Framework-Specific Rules
Scikit-learn
- Always encapsulate preprocessing in a `ColumnTransformer`; never leak fit data.
- Serialise pipeline with `joblib` and checksum the file.
- Use `FunctionTransformer` for one-off lambdas, but move to named class when reused twice.
Featuretools
- Use Deep Feature Synthesis only on normalised (one-to-many) entity sets.
- Limit `max_depth` ≤2 for tabular data to prevent feature explosion.
- Disable primitives that produce high-cardinality categoricals unless explicitly whitelisted.
Feature Engine
- Prefer `SmartCorrelatedSelection` to drop correlated vars; set `method="pearson"`, `threshold=0.9`.
- Use `RareLabelEncoder(tol=0.01, n_categories=10)` before `OneHotEncoder`.
TSFresh (time-series)
- Run `extract_features` with `n_jobs=-1`, `chunksize` ≈ 50 k rows.
- Apply `select_features` using target for supervised ranking; ensure no leakage.
Feast (online serving)
- Store feature values in batch `parquet`; online layer Redis/BigTable only.
- Define feature views with explicit `ttl`; default 30 d.
- Keep entity IDs consistent; never embed business meaning in the key.
Additional Sections
Testing
- Write unit tests for every transformer: assert shape, dtypes, null counts.
- Use `pytest` parametrisation to test edge cases (empty df, all nulls).
- Add cross-validation tests: `pytest --hypothesis-show-statistics` with `hypothesis.extra.pandas`.
Performance
- Profile with `%%timeit` or `perf_counter`; budget: feature build ≤30 % of total training time.
- Cache costly steps with `joblib.Memory`; invalidated when input hash changes.
- Chunk large CSVs via `pd.read_csv(chunksize=1_000_000)` and `concat`.
Security & Compliance
- Mask PII before logging (`name`, `email`, etc.).
- Encrypt intermediate feature files at rest (AES-256) when containing sensitive data.

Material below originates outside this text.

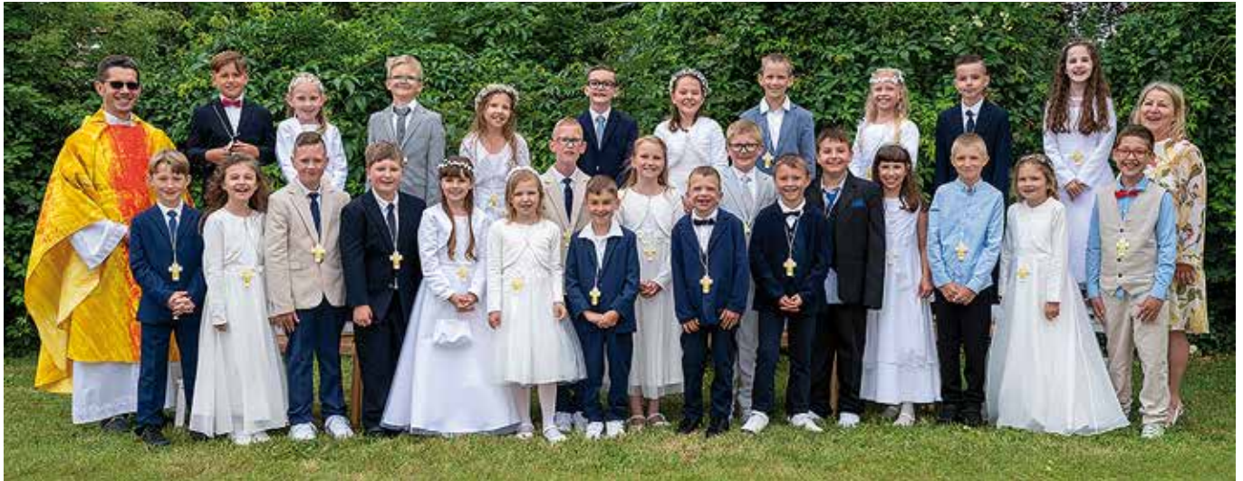
→ Am 24. Juni 2023 wurde in der röm.-kath. Pfarre Neufelds die Erstkommunion gefeiert.

So oder so ähnlich könnte das Motto beim Pfarrheurigen am 8. und 9. September gelaute haben: Bei bestem Wetter gab es Gelegenheit für Gespräche und gemütliches Zusammensein bei Speis und Trank. Fortsetzung folgt – nächsten Sommer!

- Record data lineage and transformation hashes for auditability.
Documentation
- Auto-generate feature catalogue markdown via `feast registry build && feast registry json`.
- Each transformer class requires a docstring with: Purpose, Inputs, Outputs, Formula, Example.
Example Skeleton
```python
from sklearn.base import BaseEstimator, TransformerMixin
from sklearn.preprocessing import OneHotEncoder, StandardScaler
from sklearn.compose import ColumnTransformer
from sklearn.pipeline import Pipeline
import pandas as pd
class AgeBucketizer(BaseEstimator, TransformerMixin):
"""Bucketises age into categorical bins."""
def __init__(self, bins=(0, 18, 35, 55, 120)):
self.bins = bins
def fit(self, X: pd.DataFrame, y=None):
return self
def transform(self, X: pd.DataFrame):
X = X.copy()
X["age_bin"] = pd.cut(X["age"], bins=self.bins, labels=False)
return X[["age_bin"]]
num_cols = ["salary", "expenses"]
cat_cols = ["gender", "city"]
preprocess = ColumnTransformer([
("num", StandardScaler(), num_cols),
("cat", OneHotEncoder(handle_unknown="ignore"), cat_cols)
])
pipeline = Pipeline([
("age_bucket", AgeBucketizer()),
("pre", preprocess)
])
```
Never embed feature generation inside model training loops; fit once, reuse.